McCULLOUGH, EJ., and O’MALLEY, Jack, and HOLDRIDGE, JJ., concur.

JUSTICE GOLDENHERSH,

dissenting:

After careful consideration, I find that claimant’s accident arose out of and in the course of her employment with the Will County circuit clerk (clerk); therefore, I respectfully dissent.

I agree that when an employee has an accident on property that is neither provided by nor owned or controlled by the employer, the resulting injuries do not arise from her employment. Illinois Bell Telephone Co. v. Industrial Comm’n, 131 Ill. 2d 478, 483-84, 546 N.E.2d 603, 605 (1989). I also recognize that the general rule is that “when an employee slips and falls, or is otherwise injured, at a point off the employer’s premises while traveling to or from work, his injuries are not compensable.” Reed v. Industrial Comm’n, 63 Ill. 2d 247, 248-49, 347 N.E.2d 157, 158 (1976). However, whether the employer owns or maintains the parking lot is immaterial as long as it is “provided” for the use of the employee. De Hoyos v. Industrial Comm’n, 26 Ill. 2d 110, 114, 185 N.E.2d 885, 887 (1962); County of Cook v. Industrial Comm’n, 165 Ill. App. 3d 1005, 1008, 520 N.E.2d 896, 898 (1988).

The parking lot in question is located less than one block from the Will County courthouse where claimant works. Will County maintains offices in both the courthouse and in a county building that is located a few blocks from the courthouse. There is a parking lot adjacent to the county building in which county employees can park for free. There is no free parking adjacent to the courthouse. A review of the testimony reveals that there are actually five parking lots located near the courthouse. Various prices are charged to park in these lots. The discrepancy between county employees who could park for free in the county building lot and those who are required to pay to park in one of the other lots led to a reimbursement agreement between the clerk and the union of which claimant is a member. The agreement provides *819that if the county is unable to provide free parking, the clerk will reimburse employees up to $20 per month for parking upon proof of payment.

While the lot where claimant fell is open to the public, it is clear that nearly all of the people who park in the lot are courthouse employees. It is the only lot in the immediate vicinity of the courthouse that falls within the $20 parking reimbursement allowance set forth in the union’s collective bargaining agreement. Under the circumstances, I disagree with my colleagues that the clerk did not provide parking for her employees. Instead, I agree with claimant that this lot was, for all practical purposes, an employee lot that was “provided” for the use of county employees and that claimant is entitled to workers’ compensation benefits for injuries she sustained when she fell in a hole in the parking lot in question.

The majority fails to address claimant’s assertion that denying her compensation under the Act results in a “lottery of compensation.” As it now stands, any county employee who parks for free in a county lot and sustains a fall because of the surface condition of the lot will have full protection under the Act, whereas an employee who must park in another lot and be reimbursed by the county will be denied coverage for the same type of fall.
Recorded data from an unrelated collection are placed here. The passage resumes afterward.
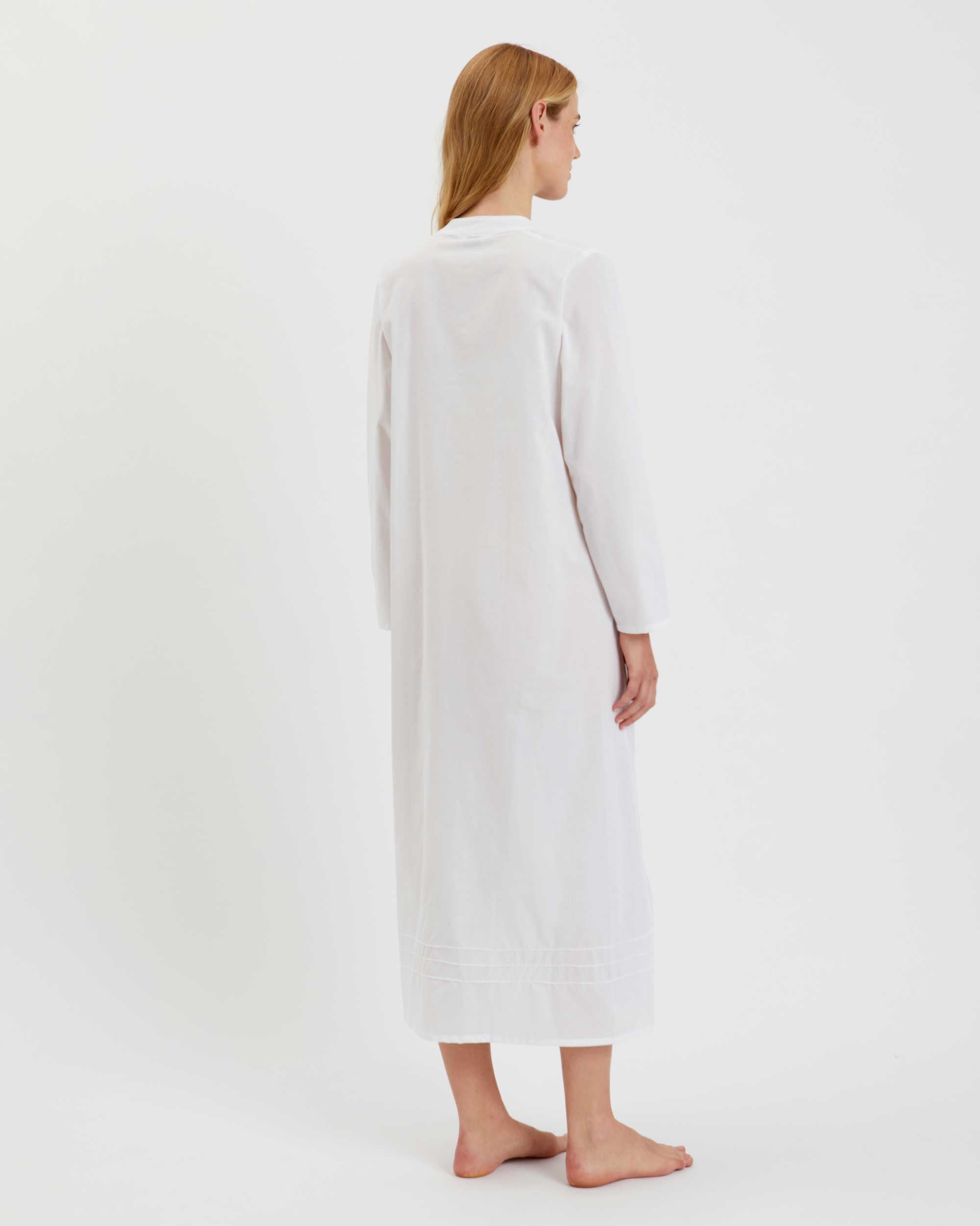Our Victoria Long-Sleeved Cotton Nightdress in white is elegance and comfort combined, the perfect pairing for luxury sleepwear.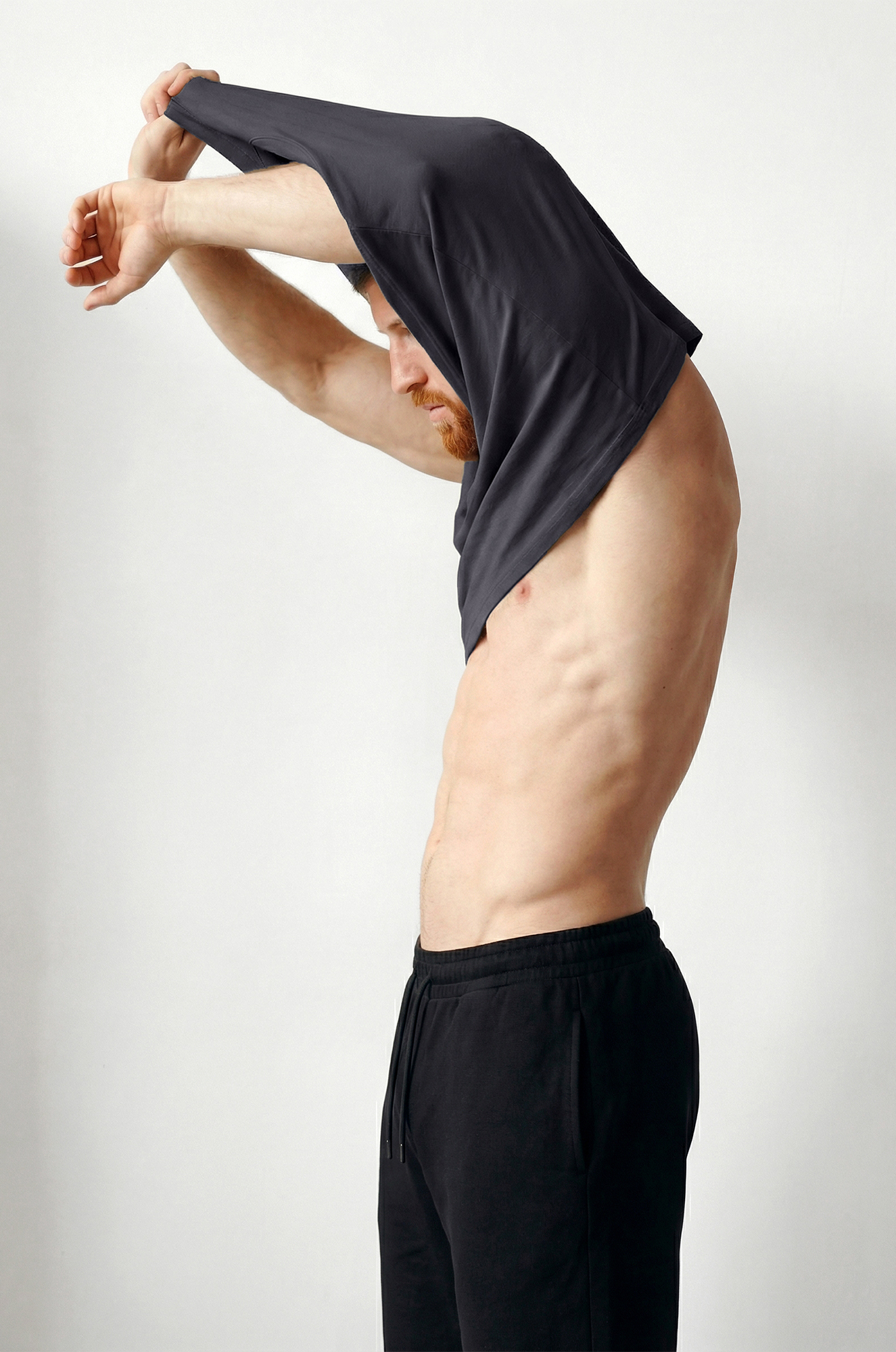 — темно-серая майка универсальна и практична, идеальна для зала;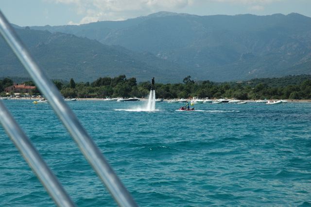 The beach, beach life, shallow lagoon. James Bond jet boots.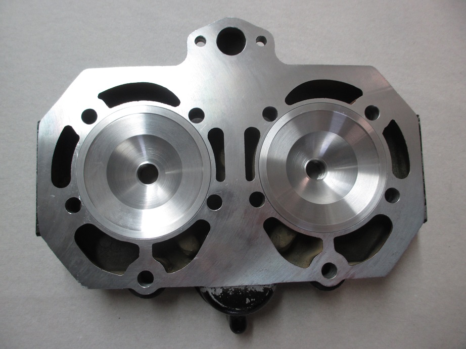 • Der Zylinderkopf wird ausgespindelt / Ausgefräst für die MRG Zylinderkopfeinsätze / Kalotten und O-Ringumbau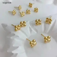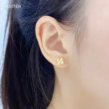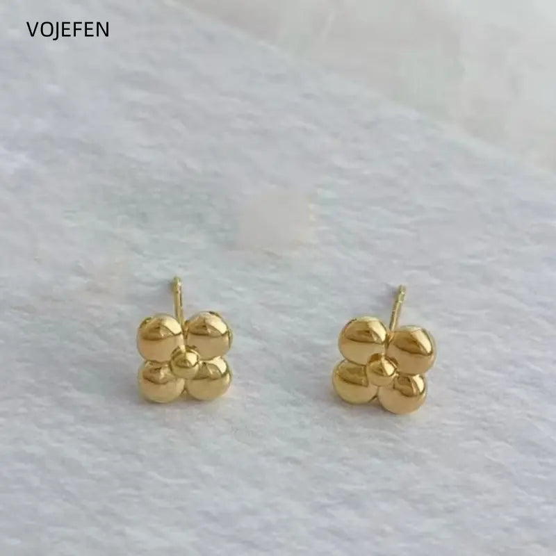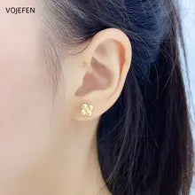 VOJEFEN 18k Gold Flower Stud Earrings Jewellery Yellow/White Original Au750 Pure Gold Jewelry Luxury Piercing Earrings Trend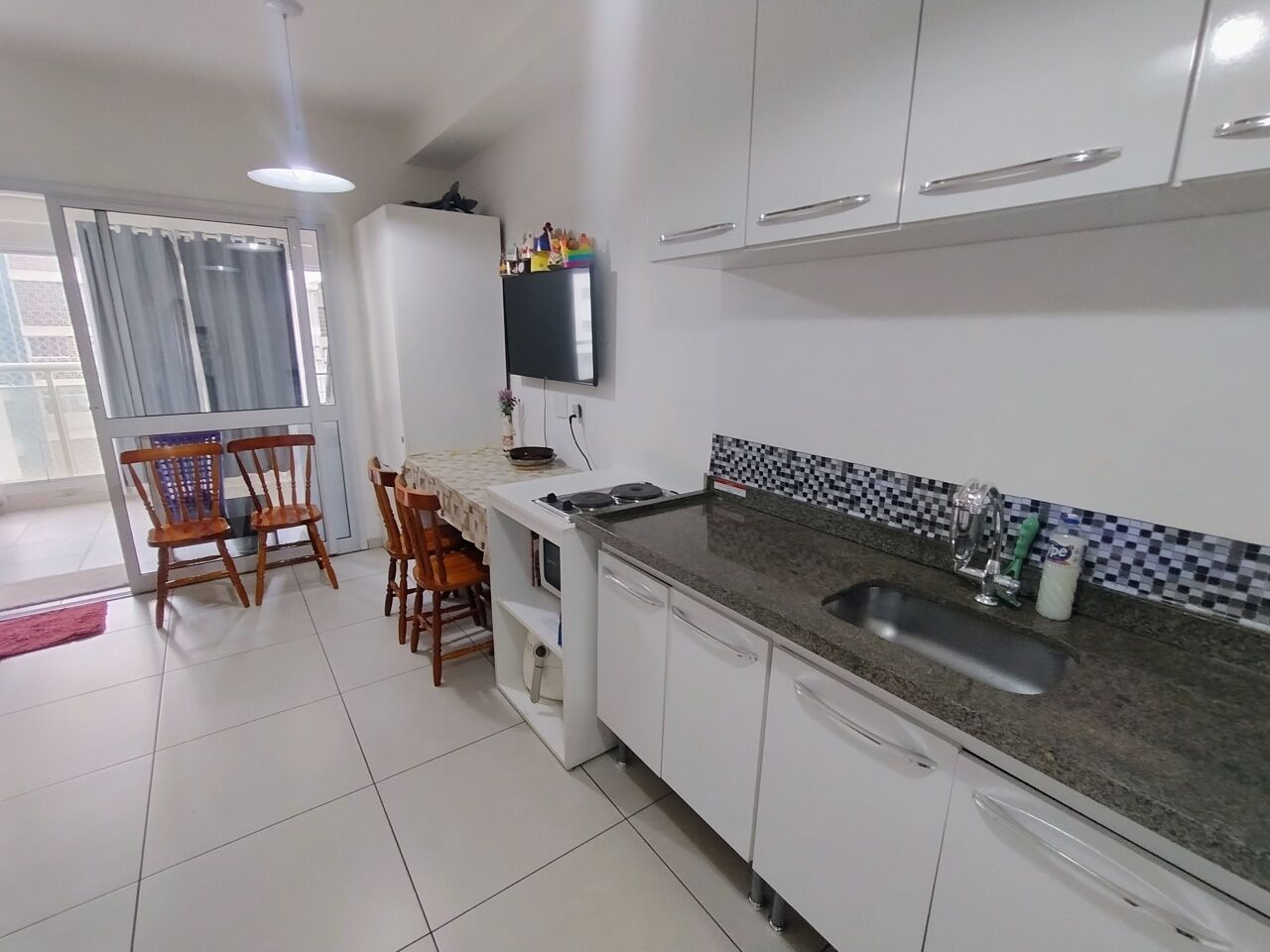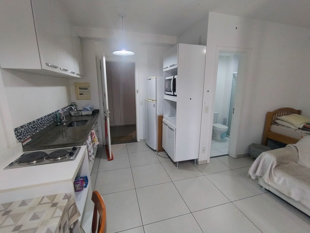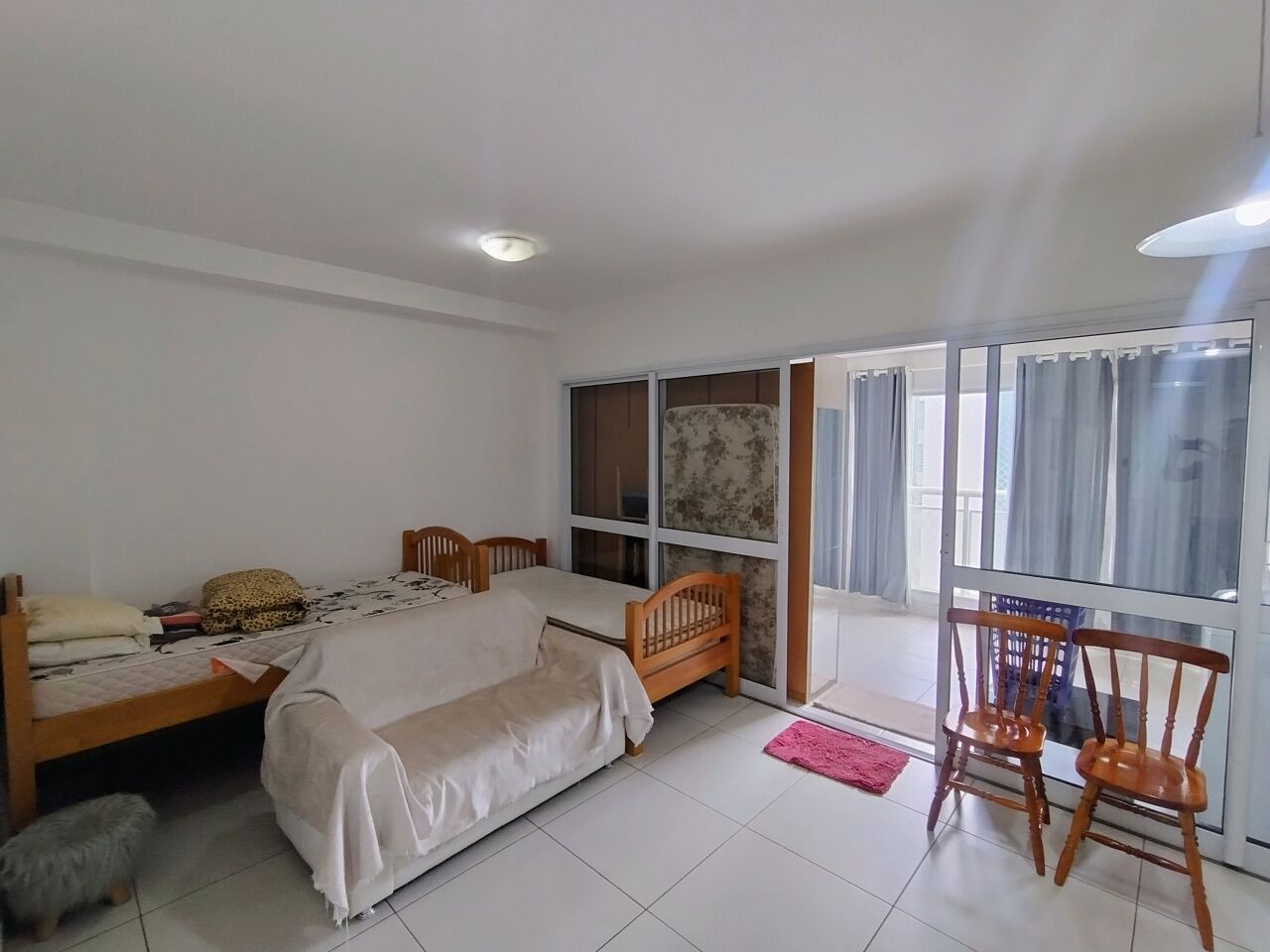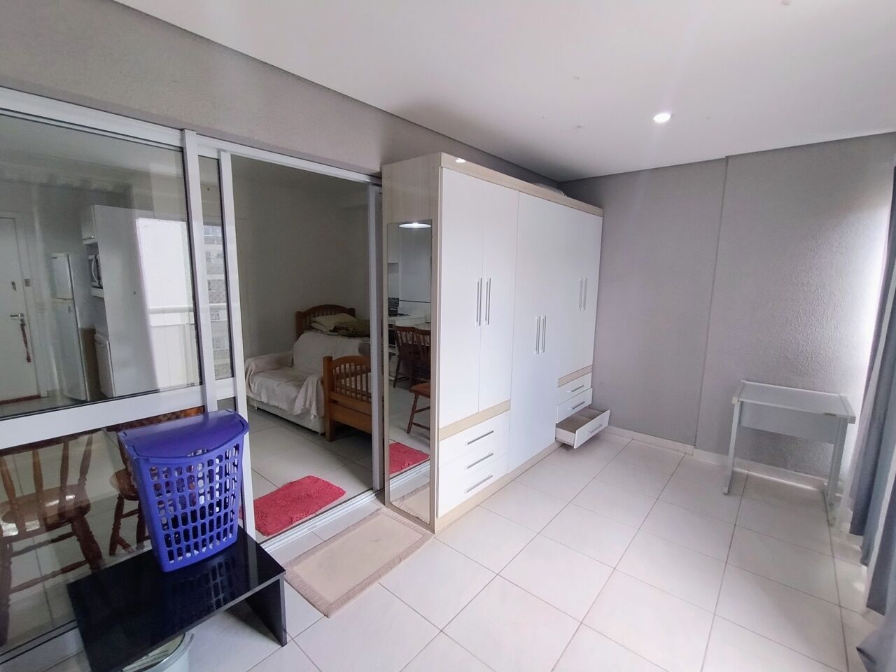 1 Dormitório integrado com a Sala e o Terraço grande fechado em Vidro.

I agree with claimant that this is not only inconsistent with the spirit of the Act, but also inconsistent with the clerk’s intentions to rectify parking inequities that exist among county employees. The clerk attempted to correct such inequities when she signed the collective bargaining agreement to allow employees to be reimbursed for parking expenses. For all the reasons stated above, the circuit court’s order confirming the Commission’s decision should be reversed.